Learn to Code: How to get started with front-end development in 2021
Photo by ThisisEngineering RAEng on Unsplash

Welcome to another edition from our Learn to Code series, in this edition we will focus on Front-end development and the resources that help you get started. This post will mostly just scratch the surface of what front-end development really is, but you will know enough to get started.

If you are new to coding and web development, we can assure you that the world of web development is a vast sea of knowledge.

Web development and its various specialisations

When we talk about web development we often hear about various different specialisations. These 3 are the most common roles that still stand after many years of a constantly evolving environment.

Funny thing though, these 3 specialisations aren’t necessarily limited to web development. Besides web pages, you can build apps and all kinds of user interfaces (UI in short), such as the user interface on your tv for example.

Hold on… What are user interfaces?

A Web user interface or Web app allows the user to interact with content or software running on a remote server through a Web browser. The content or Web page is downloaded from the Web server and the user can interact with this content in a Web browser, which acts as a client. 

https://en.wikipedia.org/wiki/User_interface


To use the interface we need something to translate our commands, this can be a keyboard, mouse, touch, speech, a camera and gestures… 
Let’s leave it at that for now and dive further into front-end development.

So what is front-end development?

To keep it simple: You just surfed to this blog, right? And everything that you see here on this blog, the things you are interacting with is mostly the work of a front-end developer. This is one of those interface types I mentioned earlier.

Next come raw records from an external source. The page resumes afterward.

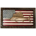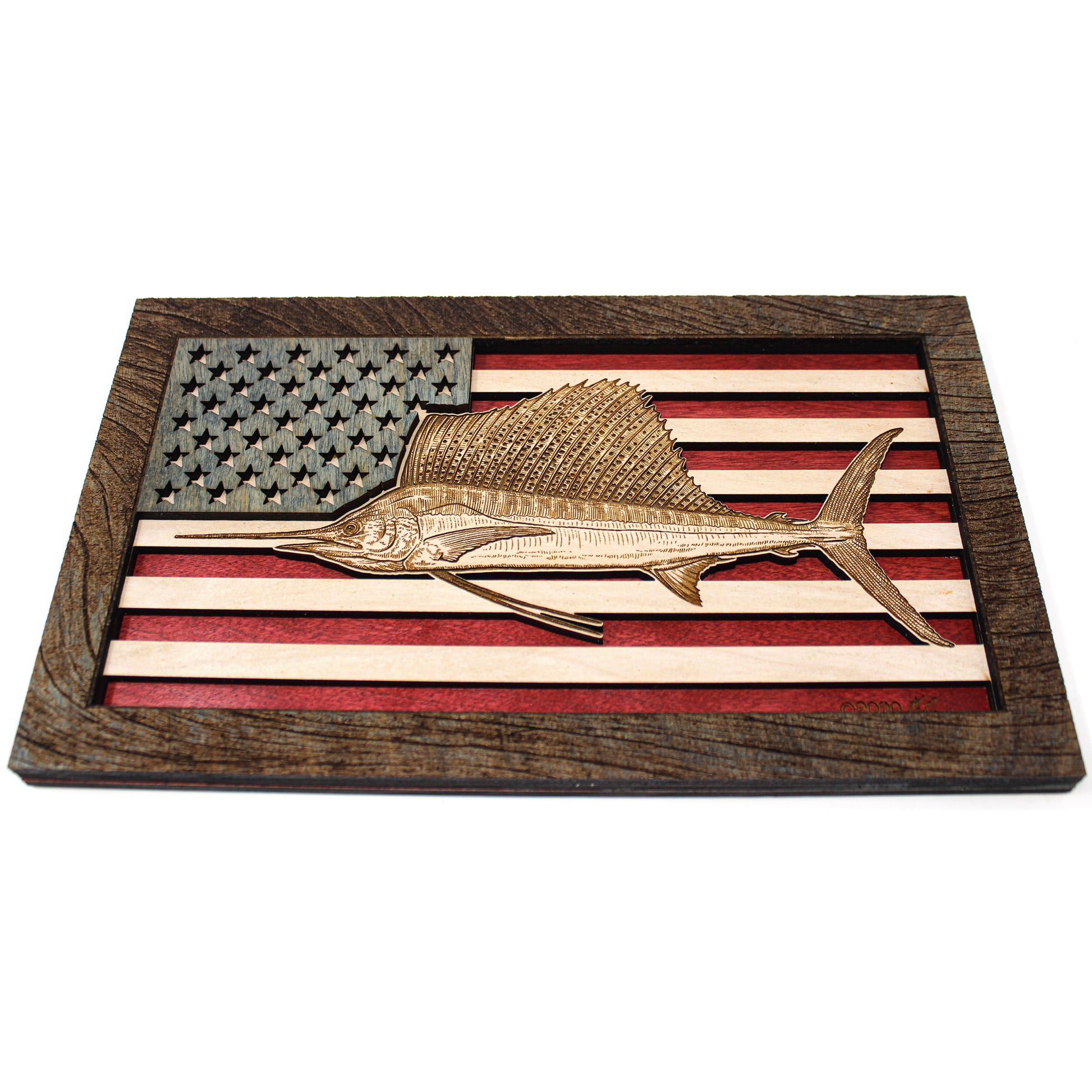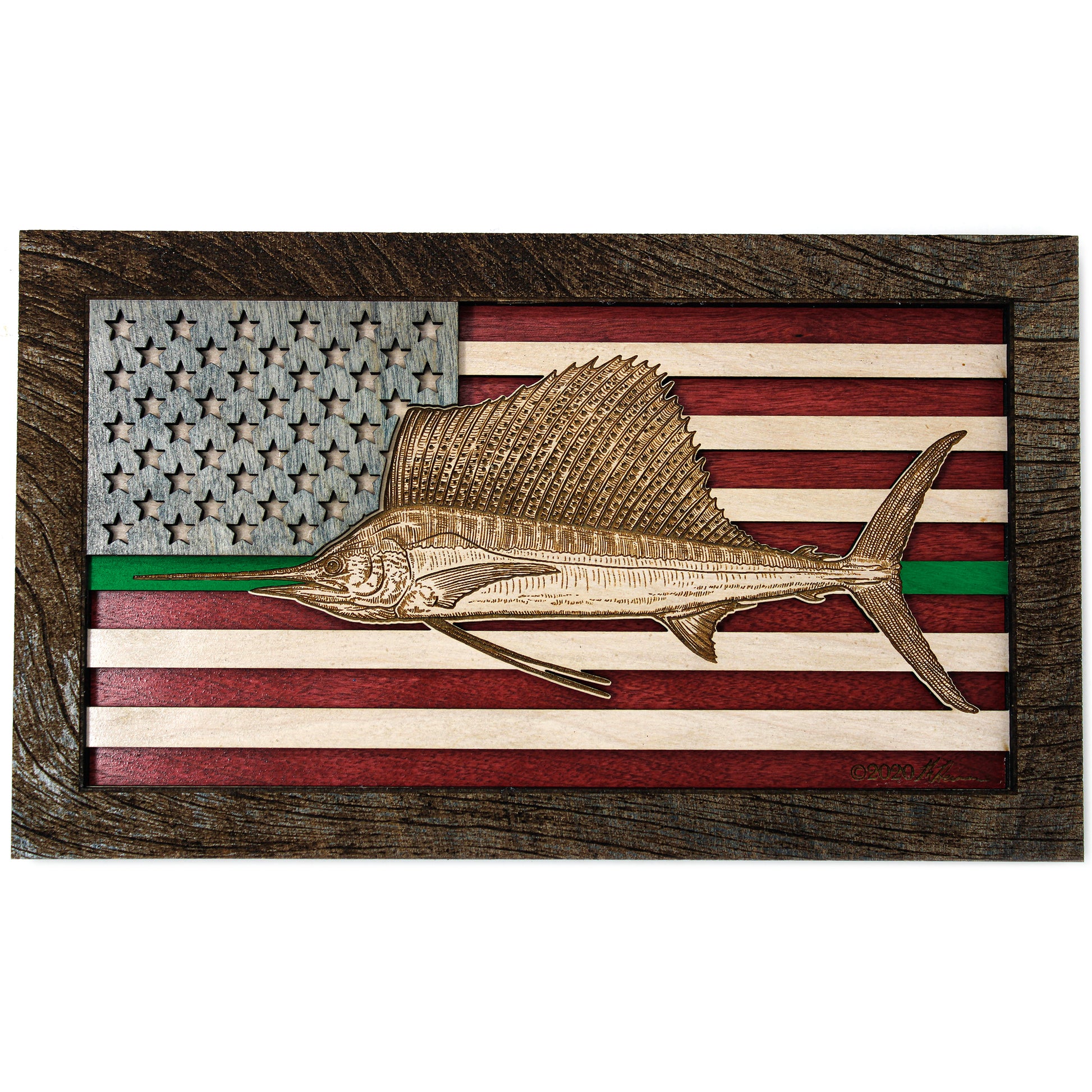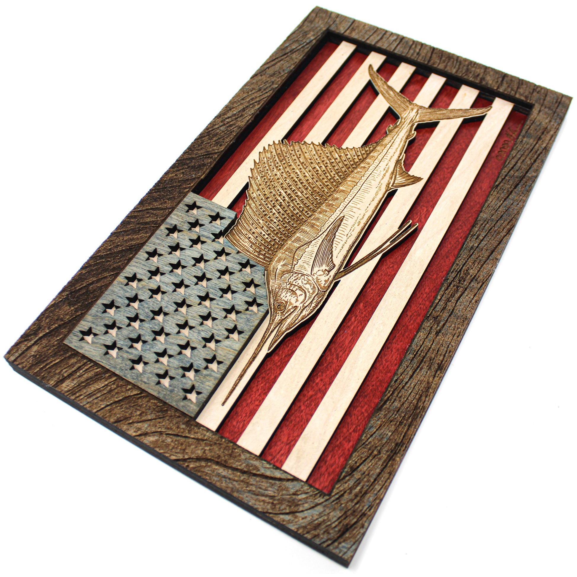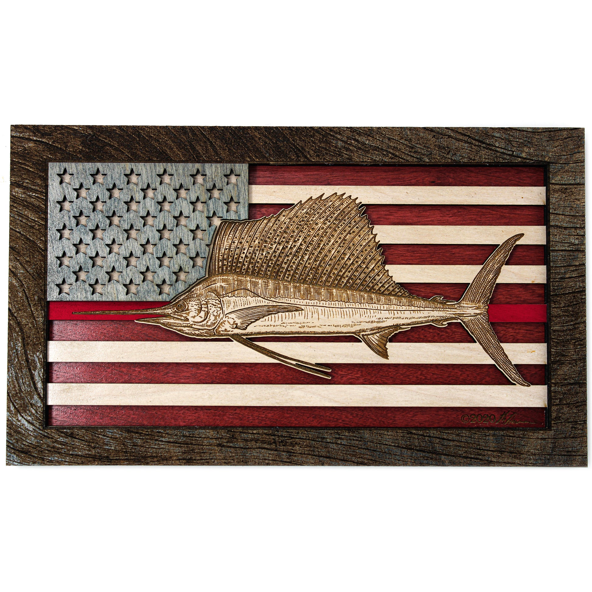 This custom crafted 3D wood wall art decor was created using one of Matt Herman’s illustrated scientific study interpretations of a Sailfish as the focal point with the American Flag as the backdrop. The art is then programmed using intricate laser engraving processes to ensure high quality detail. The heavily distressed driftwood border frame was custom made for this series. Each piece is designed with 3 layers of birch veneer wood showing hand stained colors of barn red, washed white and weathered grey shades making each one unique in its own way. Proudly made in Tallahassee, FL. USA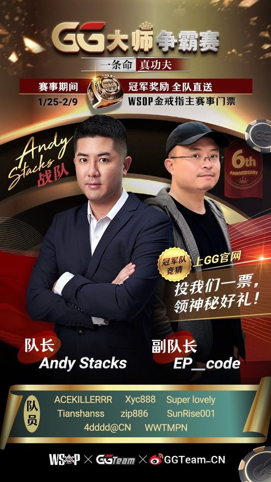 金波此次担任副队长,除亲自参赛外,还将协助队长完成队员推荐、选拔与招募工作。谈及受邀经历,金波表示自己与AndyStacks早有合作渊源:“非常荣幸能够加入Andy的战队,并受邀成为副队长。两年前在播客吧直播解说WSOP线上主赛最终桌时,我和Andy有过解说搭档的合作。他多年常规桌的深厚积淀,以及对扑克游戏本质的理解,免息炒股配资给我留下很深的印象。”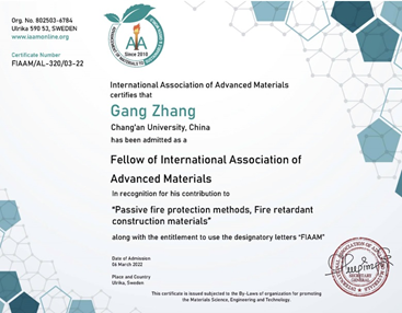 国际先进材料学会(IAAM)是全球先进材料领域权威的国际学术组织,总部位于瑞典。其致力于全世界范围内先进材料科学、工程和技术的快速发展,现已成为材料与工程科学领域杰出科学家的聚集者和领导者。IAAM会士是在全世界范围内评选,授予全球在材料科学、工程和技术领域做出原创性研究的科研人员或科学家。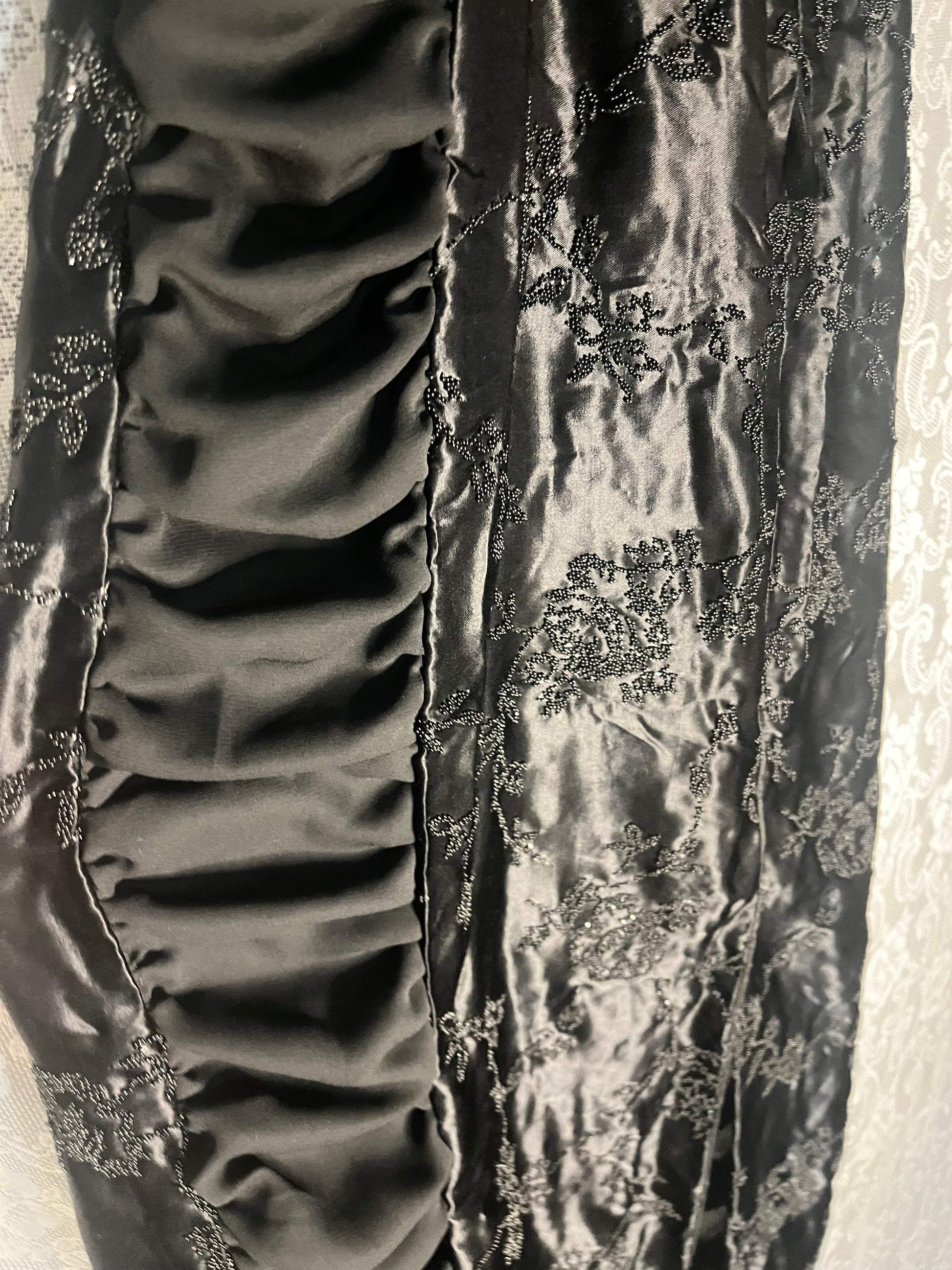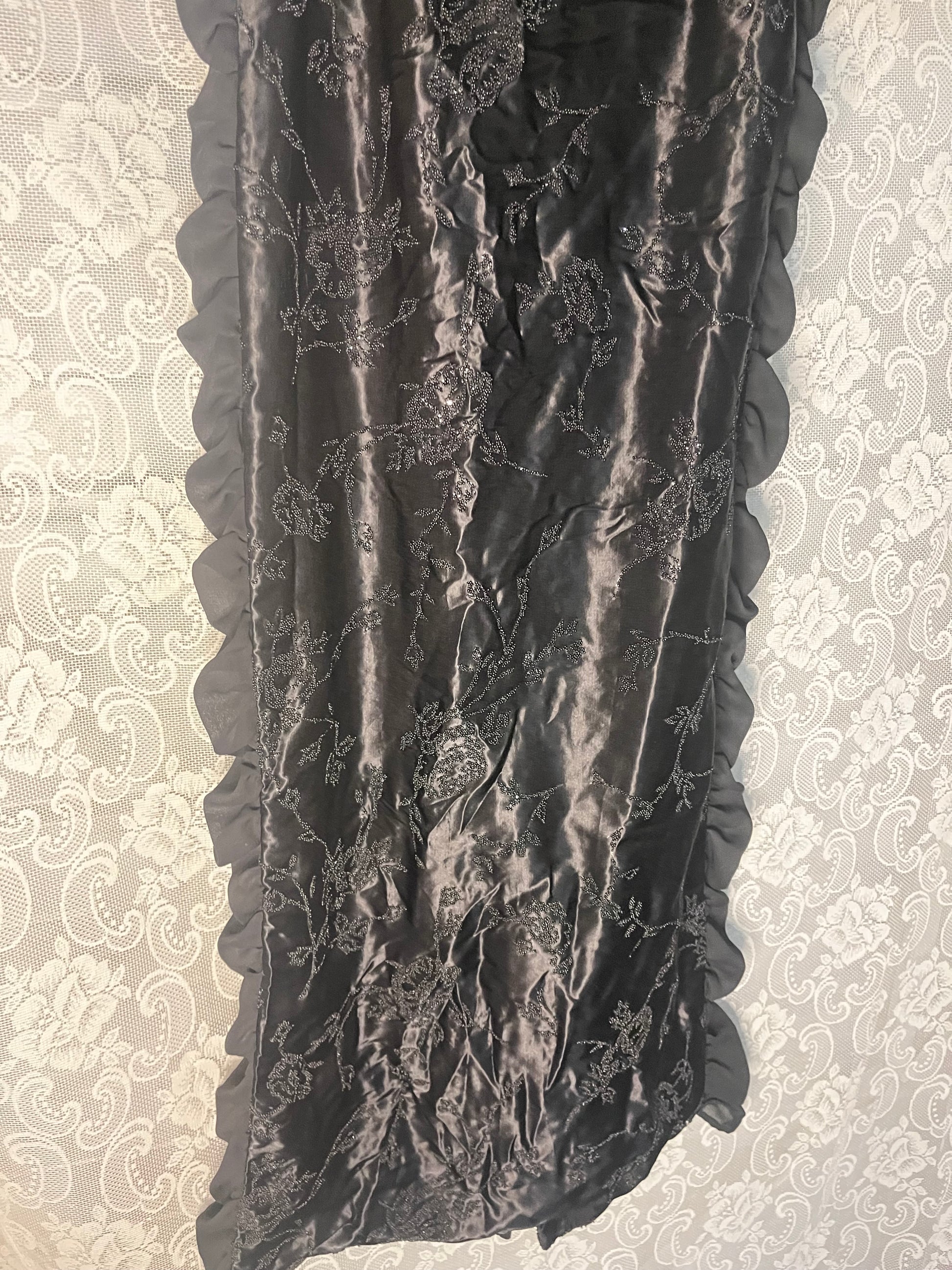 gorgeous beautiful stunning floor length evening gown. very delicately beaded florals. loooong slit that goes quite high up in the back, and the ruffled side panels are translucent. minor damage in the back as the slit is slightly torn and the zipper sticks out of the seam but the zipper can be easily tucked in tbh. length is 54 inches and the waist is 26 inches.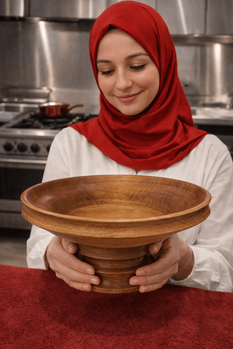 Hediye Müzesi ustalığıyla, masif ceviz kütüğünden elde şekillendirilen bu tasarım, pürüzsüz yüzeyi ve yumuşak hatlarıyla ahşabın doğal sıcaklığını en saf haliyle hissettirir. El yapımı üretim süreci sayesinde her bir parçada farklılaşan hare yapısı ve damar dokusu, ürünü kişiye özel ve benzersiz kılar. Doğal malzemesi sayesinde gıda sunumuna uygun olan bu seçkin parça, hem günlük kullanımda hem de özel davetlerinizde sofranızın en doğal ve şık eşlikçisi olacaktır.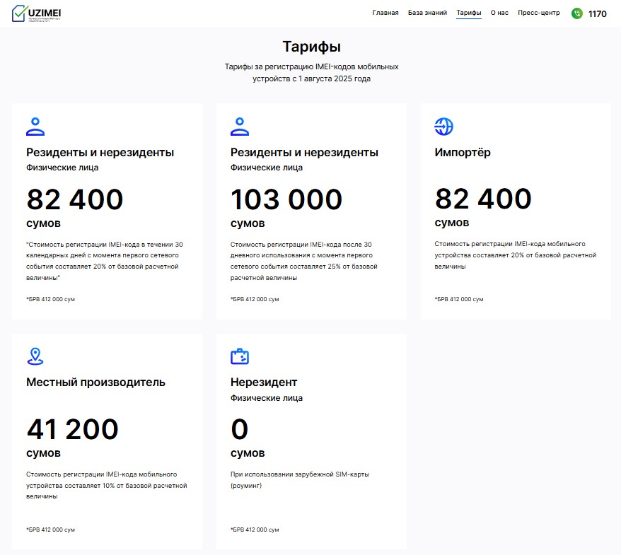 в Узбегистане регистрация одного имей стоит около $6, если зарегистрировать сразу по приезду и внести телефон в таможенную декларацию.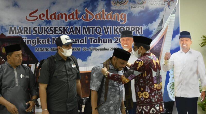 Padang, MZK News – Sekretaris DPRD Provinsi Sumatra Barat (Sumbar) Raflis menyambut kedatangan kontingen Musabaqah Tilawatil Qur’an (MTQ) Daerah Istimewa Nangroe Aceh Darusalam, Sabtu (5/11) di Bandara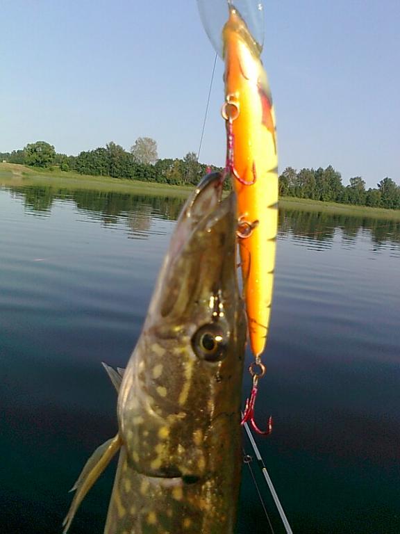 Глубина 2-3-4-5-6-7 метров, нашел старое русло и пошел троллить вдоль него. Метров через 200 удар и спиннинг с новым воблером, чуть не выпрыгнул и подставки, еле успел его схватить, визг фрикциона, минут 5 пытаюсь поднять рыбу к поверхности, не получается. Потом потихоньку стала подниматься и вот уже щука у лодки. Увидел и обалдел - окрас почти черный, вся спина поцарана и на вид весом кг на 7 - БРЕВНО!. Подсак при ловле не использую и это единственный раз когда сильно пожалел об этом. Три раза подводил щуку к лодке, но она пыталась уйти в глубину. Воблер полностью в пасти у щуки, только голова с лопатой торчит, я успокоился и был уверен, что ей теперь деваться не куда, но на четвертом подходе увидев мою протянутую руку, щука развернулась на 180 градусов и пошла как паравоз назад, поводок встал на излом и щелк! разогнулся фиксатор застежки. В итоге ни воблера - ни щуки! Одни маты....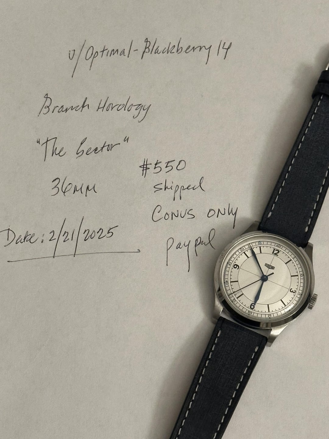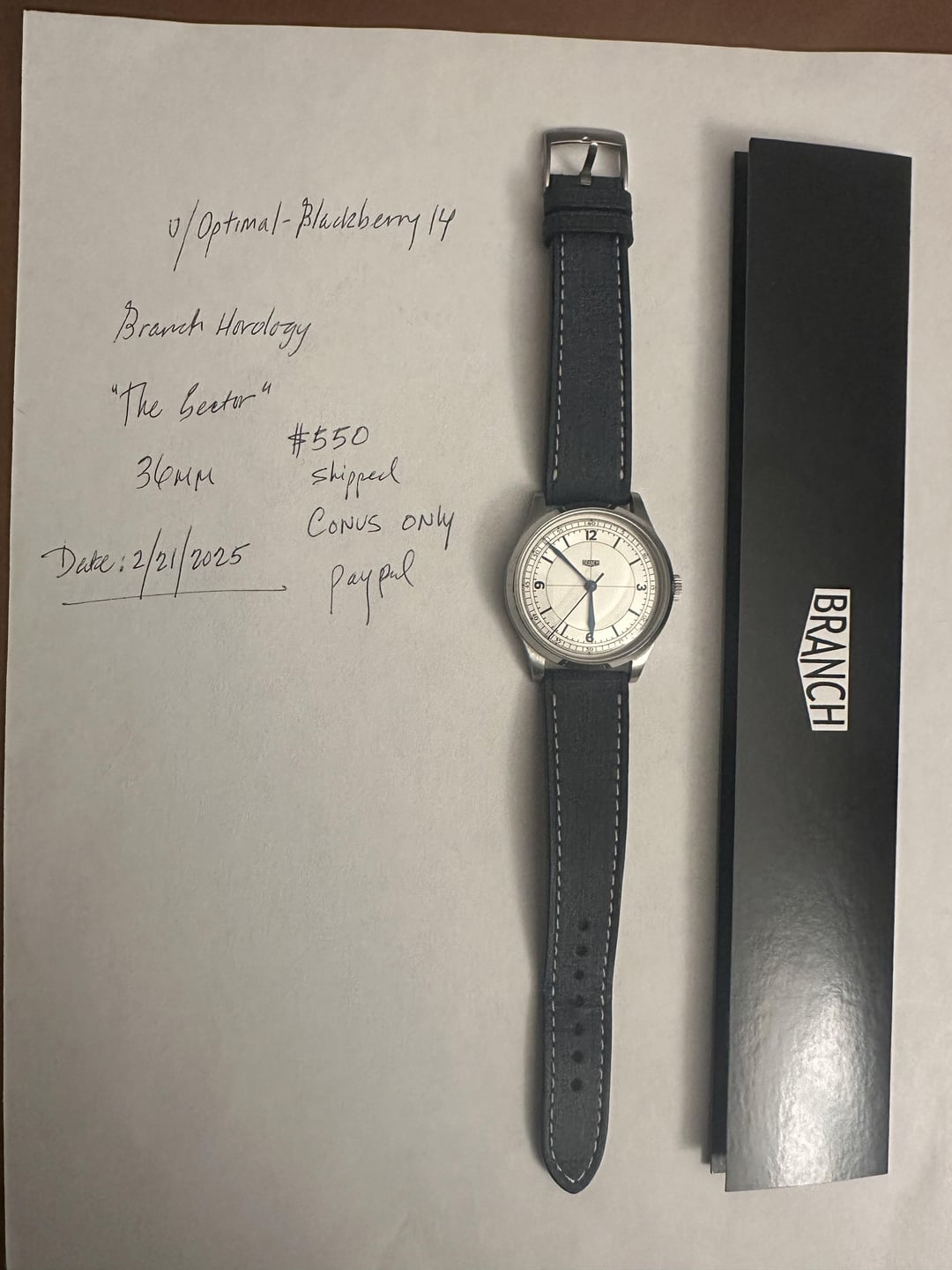 For sale: Branch Horology - The Sector 36mm , and I’m also including 10 x leather watch straps for this watch custom made by TUNS, along with a leather strap case. $550 + Paypal GS fee Only shipping to CONUS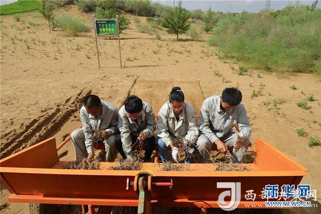技術人員在位于內蒙古鄂爾多斯市杭錦旗的庫布其沙漠示范甘草平移法(7月24日攝)。 新華社發(fā)(盧燁 攝)

A front-end developer uses HTML, CSS and JavaScript to do their work. You might have heard of things such as React, Vue, Sass and many other libraries and tools. But all of these boil back down to HTML, CSS and JavaScript. So look at these 3 languages as your starting point and core knowledge for becoming a front-end developer. Once you know the basics pretty well, you can choose whatever framework or library you want. Or hey, just keep it vanilla — meaning to only use the HTML/CSS/JS stack– which definitely has benefits that are often overlooked! 

The tasks of a front-end developer

It is safe to say that a front-end developer is usually in charge of translating a design into code, but it doesn’t stop there, they also make sure that interactions are pleasant and smooth for the users or visitors of your website, platform or app. And they are also our go-to people when it comes to making our websites as accessible to as many people as possible.
(check out accessibility / a11y to find out more )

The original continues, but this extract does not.